Each man envies the other’s life. Johnny Hallyday is the criminal, Milan – edgy and reluctant initially to trust and warm to the poet, played to perfection by Jean Rochefort. The older man persists – coaxing and pestering until Milan finally opens up.

I shan’t spoil the ending but it’s one of those that makes you smile and cry at the same time.

Before Sunrise/Before Sunset – Two strangers spend the night walking the streets of Vienna and falling for each other. They part without exchanging details as they don’t think they’ll see each other again. At the last-minute they panic about this and agree to meet in the same location in six months’ time.

Nine years later, they meet again by chance. He’d waited for her at the agreed point but she’d been unable to contact him to say she couldn’t be there. Each is now in a relationship, but they still have a strong attraction… Will they or won’t they? Ha. That’d be a spoiler.

Le Dîner de Cons – a French comedy about a group of professional men who hold a weekly dinner party where each must bring along ‘an idiot’ for the entertainment of the others – the winner being he who brings the ‘best idiot’.

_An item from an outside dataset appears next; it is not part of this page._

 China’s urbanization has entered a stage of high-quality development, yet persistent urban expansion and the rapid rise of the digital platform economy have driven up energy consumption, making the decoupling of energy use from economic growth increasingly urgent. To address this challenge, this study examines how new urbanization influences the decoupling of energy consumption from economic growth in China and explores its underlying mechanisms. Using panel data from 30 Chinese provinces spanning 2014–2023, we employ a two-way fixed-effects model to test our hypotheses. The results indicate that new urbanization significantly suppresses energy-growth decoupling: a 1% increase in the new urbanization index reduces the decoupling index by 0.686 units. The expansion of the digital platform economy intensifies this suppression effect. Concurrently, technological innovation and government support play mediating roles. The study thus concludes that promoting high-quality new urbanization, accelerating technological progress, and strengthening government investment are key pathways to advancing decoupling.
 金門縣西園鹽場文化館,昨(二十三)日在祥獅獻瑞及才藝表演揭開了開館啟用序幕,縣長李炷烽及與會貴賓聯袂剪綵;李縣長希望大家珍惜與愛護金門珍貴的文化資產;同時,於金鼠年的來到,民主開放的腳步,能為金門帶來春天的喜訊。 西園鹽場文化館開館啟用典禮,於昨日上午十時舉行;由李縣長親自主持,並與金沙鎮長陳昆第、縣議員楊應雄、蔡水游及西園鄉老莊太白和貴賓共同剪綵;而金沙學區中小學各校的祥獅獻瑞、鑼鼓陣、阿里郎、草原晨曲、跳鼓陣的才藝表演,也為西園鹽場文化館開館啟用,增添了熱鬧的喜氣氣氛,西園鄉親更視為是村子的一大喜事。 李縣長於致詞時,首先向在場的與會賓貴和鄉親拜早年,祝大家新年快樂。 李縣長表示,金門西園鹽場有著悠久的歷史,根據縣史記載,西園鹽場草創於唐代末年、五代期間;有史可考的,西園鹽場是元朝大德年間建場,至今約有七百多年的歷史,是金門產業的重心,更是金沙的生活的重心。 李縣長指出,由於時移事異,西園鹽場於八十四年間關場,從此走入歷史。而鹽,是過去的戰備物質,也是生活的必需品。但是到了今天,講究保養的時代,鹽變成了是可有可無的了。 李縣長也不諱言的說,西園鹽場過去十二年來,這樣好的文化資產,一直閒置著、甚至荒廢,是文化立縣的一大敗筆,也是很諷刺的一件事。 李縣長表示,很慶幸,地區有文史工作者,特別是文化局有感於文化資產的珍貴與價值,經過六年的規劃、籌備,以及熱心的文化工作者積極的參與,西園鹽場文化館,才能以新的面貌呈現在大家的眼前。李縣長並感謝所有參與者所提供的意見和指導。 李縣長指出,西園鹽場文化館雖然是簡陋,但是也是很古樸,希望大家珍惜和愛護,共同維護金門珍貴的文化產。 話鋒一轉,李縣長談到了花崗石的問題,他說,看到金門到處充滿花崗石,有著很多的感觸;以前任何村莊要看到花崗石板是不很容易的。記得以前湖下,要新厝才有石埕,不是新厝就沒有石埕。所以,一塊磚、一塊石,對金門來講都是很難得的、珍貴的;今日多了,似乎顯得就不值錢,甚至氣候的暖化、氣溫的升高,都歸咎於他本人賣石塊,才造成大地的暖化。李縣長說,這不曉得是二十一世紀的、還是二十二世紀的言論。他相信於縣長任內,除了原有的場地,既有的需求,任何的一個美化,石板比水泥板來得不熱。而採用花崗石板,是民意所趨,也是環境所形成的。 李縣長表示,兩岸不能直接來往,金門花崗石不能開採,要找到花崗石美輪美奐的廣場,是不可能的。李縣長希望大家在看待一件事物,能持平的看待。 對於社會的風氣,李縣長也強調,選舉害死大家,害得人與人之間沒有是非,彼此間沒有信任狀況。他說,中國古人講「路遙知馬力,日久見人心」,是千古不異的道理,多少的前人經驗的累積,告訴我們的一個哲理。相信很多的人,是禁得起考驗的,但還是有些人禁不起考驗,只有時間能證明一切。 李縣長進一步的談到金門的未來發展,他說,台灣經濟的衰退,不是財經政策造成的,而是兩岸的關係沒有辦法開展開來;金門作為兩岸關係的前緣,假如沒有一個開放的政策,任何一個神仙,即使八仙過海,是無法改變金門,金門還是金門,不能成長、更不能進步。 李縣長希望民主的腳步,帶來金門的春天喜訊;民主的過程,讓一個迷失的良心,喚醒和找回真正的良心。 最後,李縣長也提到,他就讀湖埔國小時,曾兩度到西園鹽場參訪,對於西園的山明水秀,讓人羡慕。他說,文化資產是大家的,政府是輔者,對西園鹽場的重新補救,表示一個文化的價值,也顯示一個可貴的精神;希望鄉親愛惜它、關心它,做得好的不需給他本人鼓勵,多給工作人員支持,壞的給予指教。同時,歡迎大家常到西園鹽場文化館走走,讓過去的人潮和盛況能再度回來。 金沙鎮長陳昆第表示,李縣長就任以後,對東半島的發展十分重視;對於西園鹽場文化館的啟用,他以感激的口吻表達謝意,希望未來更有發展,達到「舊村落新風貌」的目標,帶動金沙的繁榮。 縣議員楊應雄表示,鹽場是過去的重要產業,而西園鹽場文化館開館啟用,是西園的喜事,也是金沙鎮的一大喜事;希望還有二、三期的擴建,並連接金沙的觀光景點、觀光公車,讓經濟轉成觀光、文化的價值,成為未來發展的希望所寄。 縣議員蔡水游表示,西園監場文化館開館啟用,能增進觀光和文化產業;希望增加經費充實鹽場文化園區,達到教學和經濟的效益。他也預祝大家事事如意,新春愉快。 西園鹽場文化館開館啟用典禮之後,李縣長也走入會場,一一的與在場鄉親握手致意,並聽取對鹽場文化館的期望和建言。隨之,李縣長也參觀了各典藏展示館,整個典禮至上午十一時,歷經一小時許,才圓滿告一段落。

This is THE funniest film I’ve ever seen. I’ve watched it many times and still I cry laughing at certain scenes. It is, for me, the ultimate Cheer Me Up film. Thierry Lhermitte is wonderfully straight-faced as the publisher, Brochant, whose chosen ‘idiot’ causes mayhem, and Jacques Villeret fantastic as Pignon, the idiot in question.

I adore this film and pester even complete strangers into watching it.

Last Year in Marienbad – the weirdest film I’ve ever seen (though it’s a close call between this and The Cook, the Thief, his Wife and her Lover which was pretty surreal). It’s on my list not because I love it for itself but because of the profound effect it had on me. It haunts like flashbacks from an acid trip. In fact I’m half-convinced that if a person watched this film on acid it’d make perfect sense.

It’s been described as both the worst and best of films – pretentious, pointless and unintelligible on the one hand, clever, artistic and deep on the other. For me, it’s like a work of art – filmed beautifully, it just looks gorgeous. There isn’t a plot – it’s a series of scenes replayed, most making no real sense. Being immersed in this bizarre yet beautiful film is like being stolen for a couple of hours, or asleep – the atmosphere is very powerful. This lingered, for me, for months – as if I was still trying to analyse a most peculiar dream… which a person can’t do, of course, because dreams rarely make sense. It’s amazing, disturbing, but beautiful.

And those are my favourite films… I’m sure the minute I post this I’ll think of another batch.